As the rain began to lighten up we decided to check out of the motel and head out the road along the border in hopes that we could find a clear place for him to do the piece. We drove several miles to the area we had scoped out the night before, and pulled off the side of the road so Chris could see if this felt like the right place for him to do the piece. He wasn’t quite sure, so got back in to head down the road a bit further, only to find that we were now stuck in the mud by the side of the road. Two of us would have to push the car while the other steered it back onto the pavement, and as much as I would have been fine with standing in the mud and rain pushing the car back onto the highway, there was no way with my twisted ankle that I could physically do it. So I ended up behind the wheel of the car while Chris and his very sick girlfriend got out and pushed. Fortunately it didn’t take much to get the car back on the road, and by this time the rain had tapered off to a light drizzle. At this point Chris decided to just do it here and now, so we parked the car part way on the road so we wouldn’t get stuck again and he opened the trunk to get out his planes. Chris had made several of the planes he planned to use, to make sure that if he had any problems with one plane that he’d have a backup to use. Chris handed me his camera and asked me to start taking pictures. I hobbled back a few feet and began shooting images of him preparing the first plane for light. In the one photo that is often used to document the piece you can see the tracks in the mud from where we had to push the car to get it free. As I recall, Chris had to make several attempts, and to get close enough to the wall so that the rubber-band powered plane would make it over the fence and into Mexico. He was finally successful, and I remember snapping one image of the plane flying over the wall, with houses in the background on the other side. As soon as the plane made it over the fence, Chris smiled and seemed very pleased, and we walked back to the car. On the drive back to town we wondered who would find the plane and it’s cargo, and what they would do with it.


Image of the plane going over the fence from High Performance magazine.

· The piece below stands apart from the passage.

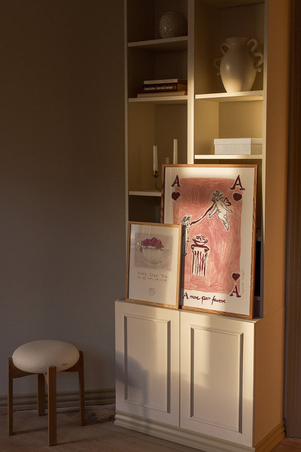 Cathrin Coralus kunstplakat "Amore per favore" er en del af en farverig kollektion skabt eksklusivt til Peléton. Motiverne hylder legende kompositioner, stærke farver og Cathrins finurlige billedunivers, hvor sentimentale temaer og en kunstnerisk lethed går hånd i hånd.

I never saw all of the photos I shot of Chris that day, though there weren’t that many, as it was all done and over with rather quickly. I remember seeing a few of them that ended up being published in High Performance magazine, and then there’s the one image of Chris and his plane that is most often used as documentation for the piece. I wish I’d been able to shoot more images, but under the circumstances it’s rather amazing that we got as many as we did.


So thank you Chris, for offering a young undergrad the chance of a lifetime, to be there and to be a part of one of your unique creations. It was an experience that has stayed with me all these years in more ways than one, as I still occasionally need a chiropractor to help pull out the kinks in my right ankle. But I also thank you for coming to work at UCLA when you did, and for opening my eyes to possibilities I never would have otherwise encountered. You were by far the best teacher I ever had.


 



Bruce Licher is the founding member of the LA post-punk band Savage Republic and instrumental post-rock band Scenic. He is also founder of Independent Project Records and the associated graphic design firms Independent Project Press and Licher Art and Design.